What is required:
Return an exact copy of the lines from the one holding "California General Rate" to the end of the data, including both the starting and final lines. Leave the pictures out.

(Stored entries)
☆ ☆ ☆ ☆

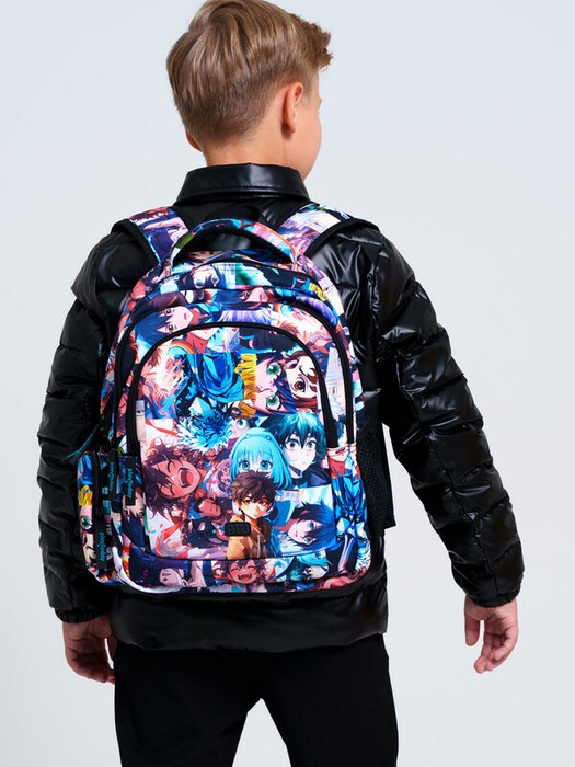 Школьный рюкзак для мальчика подростка. Прямые широкие регулируемые лямки с мягкими вкладками и сетчатым покрытием для улучшения вентиляции, 3 основных отделения на молнии, 2 боковых кармана: сетчатый и на молнии. Внутри: 1 отсек: карман на молнии, открытые карманы для канцелярии. 2 отсек: без карманов, 3 отсек: карман для папок, карман на молнии, 2 кармана без замка, карабин для крепления пропуска/пенала/ключей, усиленная спинка, дно и верхняя ручка, спинка и обратная часть плечевых ремней - сетчатые, для улучшенной вентиляции, светоотражающие элементы на переднем кармане и плечевых ремнях. Рюкзак в школу можно дополнить мешком для обуви и пеналом в том же дизайне.
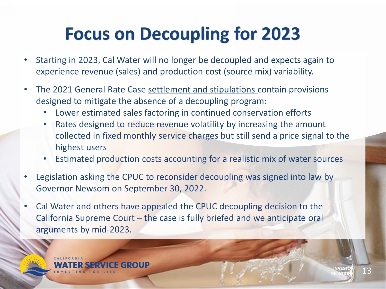 California General Rate Case Update • No update on timing of a proposed decision. • The ALJ assigned to our case is also assigned to Golden State Water’s GRC, which is currently delayed over 15 months. • Cal Water and the Public Advocates Office filed a settlement on September 2, 2022 covering issues of rate design, sales forecast, and other issues. • Litigated items not included in the settlement included capital investment budgets, WRAM balancing account recovery, and some expenses. • The ALJ ruled on February 13, 2023 that Cal Water’s interim rates, effective January 1, 2023, can include a 4% rate increase in most California districts beginning April 15, 2023. • Interim rates are subject to adjustment based on the final outcome of the case. 12
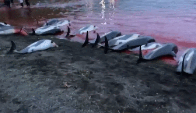 据丹麦当地媒体报道,在这次捕杀行动中,共有1428只海豚被捕杀。视频显示,多艘船将海豚赶尽杀绝,海水被鲜血染红。狩猎结束后,数十具海豚尸体在岸边一字排开,身上都有明显的巨大伤口。
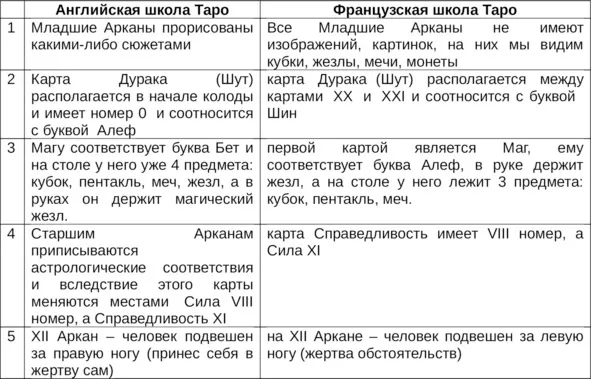 То есть, каковы же пять основных различий между французской и английской системами (школами) Таро:
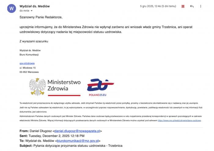 - Szanowny Panie Redaktorze, uprzejmie informujemy, że do Ministerstwa Zdrowia nie wpłynął zarówno ani wniosek władz gminy Trzebnica, ani operat uzdrowiskowy dotyczący nadania tej miejscowości statusu uzdrowiska. Z wyrazami szacunku - wydział ds. Mediów Biuro Komunikacji Ministerstwa Zdrowia.

☆ ☆ ☆ ☆

Task answer:
 California General Rate Case Update • No update on timing of a proposed decision. • The ALJ assigned to our case is also assigned to Golden State Water’s GRC, which is currently delayed over 15 months. • Cal Water and the Public Advocates Office filed a settlement on September 2, 2022 covering issues of rate design, sales forecast, and other issues. • Litigated items not included in the settlement included capital investment budgets, WRAM balancing account recovery, and some expenses. • The ALJ ruled on February 13, 2023 that Cal Water’s interim rates, effective January 1, 2023, can include a 4% rate increase in most California districts beginning April 15, 2023. • Interim rates are subject to adjustment based on the final outcome of the case. 12
 据丹麦当地媒体报道,在这次捕杀行动中,共有1428只海豚被捕杀。视频显示,多艘船将海豚赶尽杀绝,海水被鲜血染红。狩猎结束后,数十具海豚尸体在岸边一字排开,身上都有明显的巨大伤口。
 То есть, каковы же пять основных различий между французской и английской системами (школами) Таро:
 - Szanowny Panie Redaktorze, uprzejmie informujemy, że do Ministerstwa Zdrowia nie wpłynął zarówno ani wniosek władz gminy Trzebnica, ani operat uzdrowiskowy dotyczący nadania tej miejscowości statusu uzdrowiska. Z wyrazami szacunku - wydział ds. Mediów Biuro Komunikacji Ministerstwa Zdrowia.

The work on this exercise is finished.